According to the World Steel Association, Steel demand in India is expected to grow above 7% in the current as well as next year. The global steel body’s report, Short Range Outlook April 2019, estimated that global steel demand may reach 1,735 million tonne (mnt) in 2019, a rise of 1.3 per cent over 2018. In 2020, the demand is projected to grow 1 per cent to 1,752 mnt, it added.
The Brussels-based WSA, which counts 85% of world steel producers as its members, also said that “the Indian economy is expected to achieve faster growth in the second half of 2019 post general elections having overcome the shocks of demonetisation and Goods & Services Tax (GST) implementation.”
For developing economies (excluding China), the global steel body presented a positive but mixed picture
Steel demand in the emerging economies excluding China is expected to grow by 2.9% and 4.6% in 2019 and 2020 respectively.
Particularly for India it said ‘Having overcome the shocks of demonetisation and the Goods & Services Tax (GST) implementation, the Indian economy is now expected to achieve faster growth starting in the second half of 2019 after the election. While the fiscal deficit might weigh on public investment to an extent, the wide range of continuing infrastructure projects is likely to support growth in steel demand above 7% in both 2019 and 2020.’
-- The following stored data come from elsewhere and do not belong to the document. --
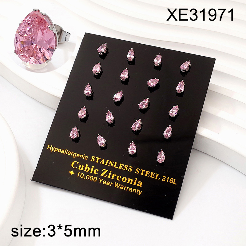 Home > Level A Stainless Steel Jewelry Hot Sale Steel color Pink Water Drip zirconium Earrings
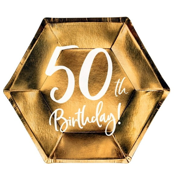 Talerze papierowe 20x17cm PARTYDECO z białym nadrukiem 50TH BIRTHDAY! metalizowane złote 6szt. /TPP73-50-019M/
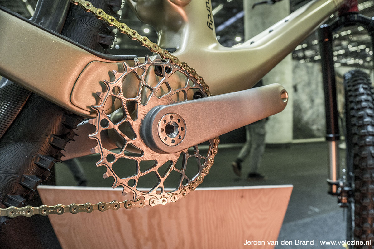 Dankzij steeds beter wordende 3D-printtechnieken zien we steeds meer kleinere spelers op de markt komen. Het doet herinneren aan de jaren ’90 waarin iedereen met een freesmachine of draaibank unieke fietsonderdelen leek te maken. Deze titanium crankset van het Engelse Sturdy Cycles kwamen we tegen op de stand van Trickstuff.
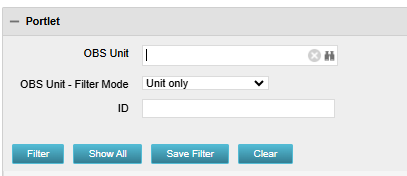 A portlet is created from a custom object. There is no association to an OBS Unit but the List Filter section has OBS Unit in the layout.
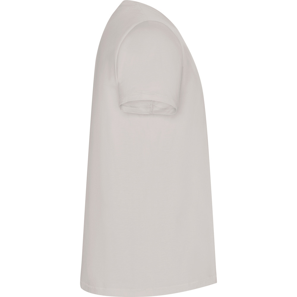 Pánské tričko s krátkým rukávem z organické bavlny, bez bočních švů. Kulatý průkrčník s žebrováním 1x1. Dekorativní prošití na spodním lemu a rukávech.
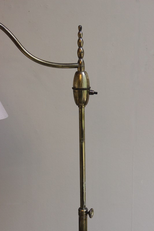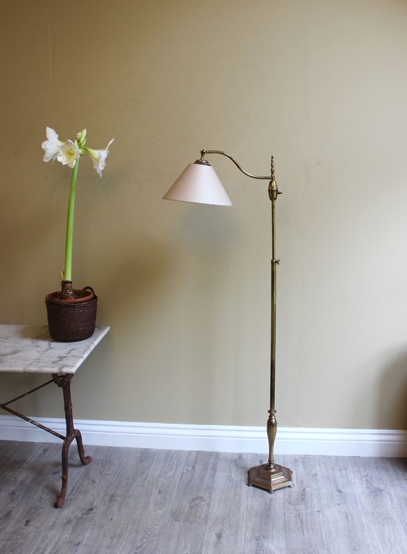 French art deco style brass floor lamp with adjustable height positions from 160 cms down to 130 cms for reading by a chair or sofa
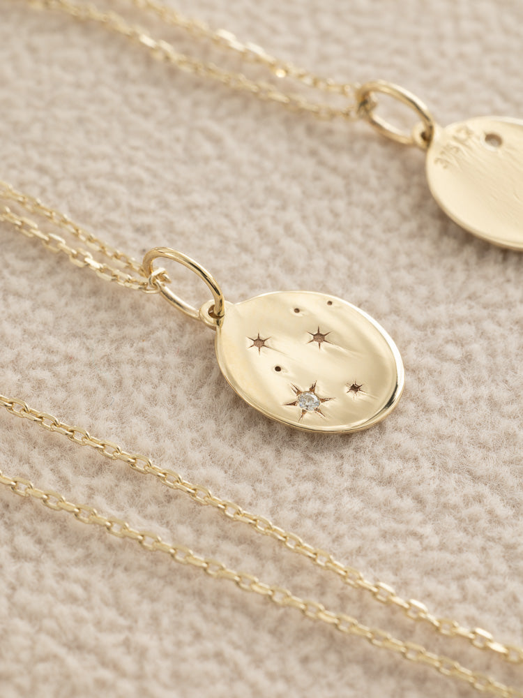 Available as a charm only or paired with either a 50cm or 45cm solid gold chain, this necklace is versatile, meaningful, and personal to your astrological sign.
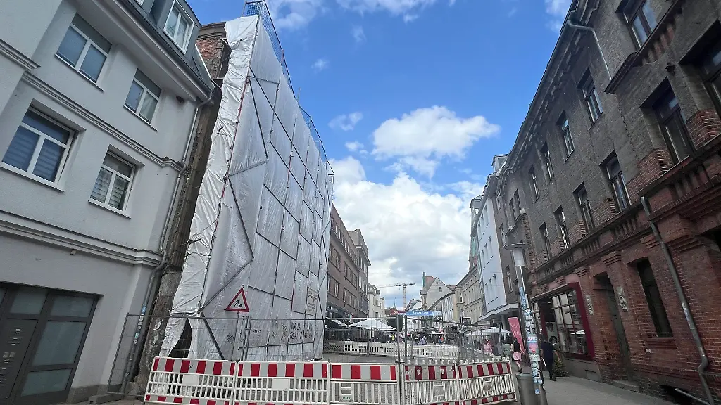Schwerin (dpa/mv) - Im Schweriner Stadtzentrum ist wegen akuter Einsturzgefahr eines historischen Gebäudes ein Teil der viel genutzten Fußgängerzone in der Mecklenburgstraße gesperrt worden. Der Lieferverkehr könne aufgrund der weiträumigen Absperrung des Bereichs nicht vorbeifahren und werde über die Schloßstraße umgeleitet, teilte die Stadtverwaltung mit. Fußgänger und Radfahrer können demnach weiterhin die Stelle passieren. Die Sperrung soll laut Stadt bis voraussichtlich Ende September andauern.
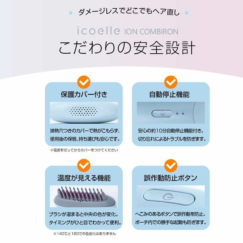 icoelle イコエル ヘアアイロン コーム型 コーム型ヘアアイロン ストレートアイロン カールアイロン 寝ぐせ 前髪 癖毛 クセ毛 ヘアケア スタイリング マイナスイオン 手軽 便利 コンパクト 通勤 通学 お出かけ 旅行 apish監修
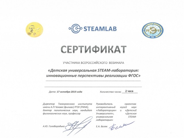 Участие в вебинаре "Детская универсальная STEAM -лаборатория: инновационные перспективы реализации ФГОС" |
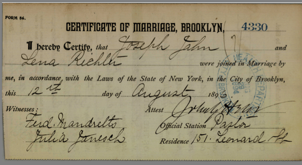 Less than a year after his arrival in the US, Joseph Jahn married Maria Magdelena Richter (aka “Lina Richter”) in Brooklyn, Kings County. New York. She had already been living there for at least 8 years. They were married on the 12th of August, 1896. Their Marriage Record #M-K-1896-4330 indicates they were both living at 310 Central Avenue, Brooklyn, NY. This is the Bushwick neighborhood. He was 23 and she was 25. Neither had been previously married. Both state they were born in Germany. His occupation was noted as Confectioner. His parents’ names were abbreviated on the certificate as Fred. Jahn and Magd. Schenbel. Her parents’ names were Gabriel Richter and Anna Erlwein. The witnesses were Fred Mandretts and Julia Janesch. The name of the pastor/priest is unreadable (by this writer.) The address for the pastor was 151 Leonard St., Brooklyn, NY.
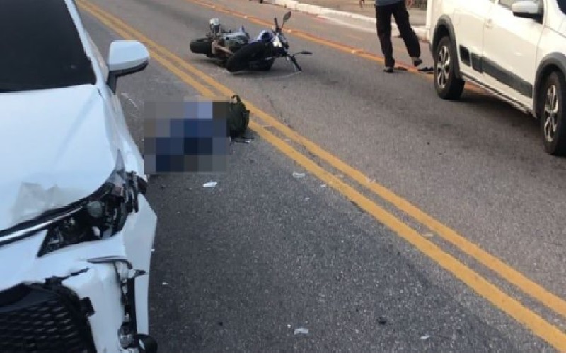 A militar conduzia uma motocicleta, quando, após tentar realizar uma ultrapassagem proibida, colidiu com um carro de passeio de um tenente da Força Aérea Brasileira (FAB).
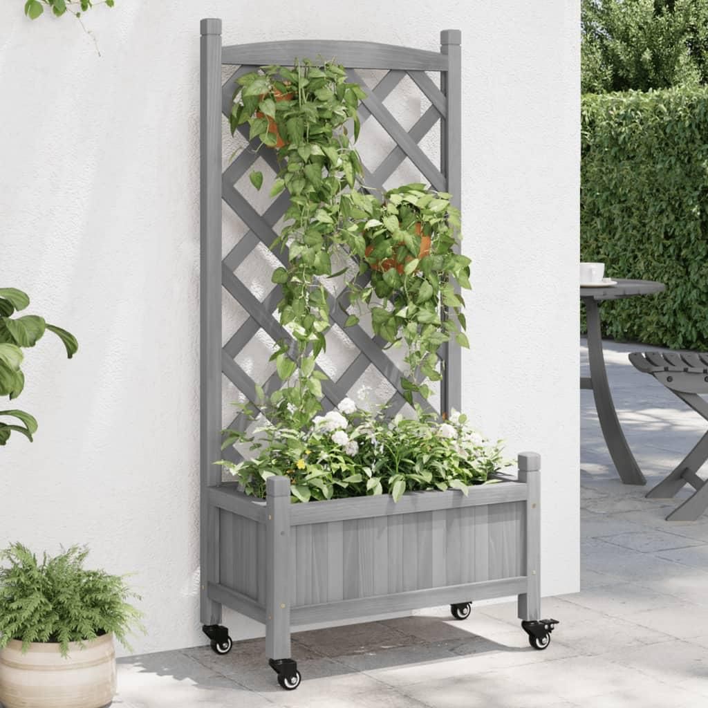 Jardiniere avec treillis et roues gris bois massif de sapin
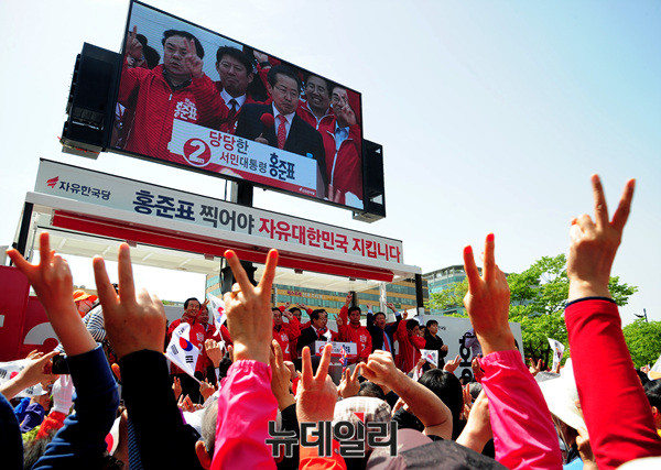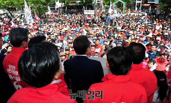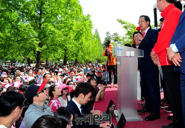 홍준표 자유한국당 대선후보가 6일 오전 경기도 고양시 일산 문화공원에서 유세하고 있다. 홍 후보는 앞서 여의도 중앙당사에서 국민대결집 대국민호소 기자회견을 가졌다. 이어 경기 부천 마루광장, 인천 월미도 문화의거리, 안산 상록수역, 충남 공주대학교에서 유세에 나설 예정이다. (경기 고양=뉴데일리 공준표 기자)

Steel demand in developing Asia excluding China is expected to grow by 6.5% and 6.4% in 2019 and 2020 respectively, making it the fastest growing region in the global steel industry. In the ASEAN region, infrastructure development supports demand for steel.
Steel demand in the developed world reacts to a weaker trade environment
“In developed economies, steel demand grew by 1.8 per cent in 2018 following a resilient 3.1 per cent growth in 2017. We expect demand to further decelerate to 0.3 per cent in 2019 and 0.7 per cent in 2020, reflecting a deteriorating trade environment,” the body said in its report.
In 2017-18, steel demand in the US benefitted from the strong growth of the economy driven by government-led fiscal stimulus, leading to high confidence and a robust job market. In 2019, the US growth pattern is expected to slow with the waning effect of fiscal stimulus and a monetary policy normalisation. Therefore, both construction and manufacturing growth is expected to moderate. Investment in oil and gas exploration is expected to decelerate as well, while a boost in infrastructure spending is not expected.
The EU economies also face the deteriorating trade environment and uncertainty over Brexit. We expect slower growth in demand for steel in the major EU economies (especially in those more export dependent) in 2019. Steel demand growth is expected to improve in 2020, dependent on a reduction in trade tensions.
Japan recorded growth in steel demand in 2018, supported by a favourable investment environment and continued construction activities as well as a boost in consumer spending prior to the consumption tax increase. In 2019 and 2020, steel demand is likely to contract slightly due to a moderation of construction activities and decelerating exports despite the support provided by public projects.
Steel demand in Korea has been contracting since 2017 due to reduced demand from two major steel using sectors, shipbuilding and automotive. Steel demand is expected to continue declining in 2019 due to toughened real estate market measures and a deteriorating export environment. A mild recovery is expected in 2020.
The momentum of construction activities is also expected to moderate a bit in the developed economies, but thanks to the rebound in the developing economies, global growth will be maintained at a 3% level in 2019-20. However, in China, Turkey, South Korea and Argentina, construction activities are expected to continue to contract in 2019. With weakening investment and a worsening trade environment, the global machinery sector is expected to show a steady deceleration that will last till 2020, which will be more pronounced in major production hubs such as Germany, Japan and China.
Economic diversification efforts in the GCC continue in reaction to a low oil price environment but fiscal consolidation is still supressing construction activities. Steel demand is expected to continue to contract in 2019, with a minor recovery expected in 2020.
Iran’s steel demand will also contract in 2019 as the reinstatement of US sanctions causes a recession in the economy.
The situation in North Africa looks brighter, with Egypt recovering strongly after the structural reforms of 2017. Investment in energy and a recovery in the real estate market are expected to drive Egyptian steel demand. Other North African economies are also expected to show resilient growth in steel demand backed by strong investment activities.
Automotive and Construction
As pent-up demand and government stimulus measures subsided, the automotive industry saw a sharp slowdown in growth in 2018 in many countries, in particular in the EU, Turkey and China. The largest decline was observed in Turkey (-9.0%) and in the UK (-5.5%). As a result, global auto production growth decelerated to 2.2% in 2018 from 4.9% in 2017. In 2019, global auto production will continue to decelerate to 1% growth with stabilisation expected in 2020. However, in Latin America, especially in Brazil, auto production will buck the trend and continue to show a steady rebound.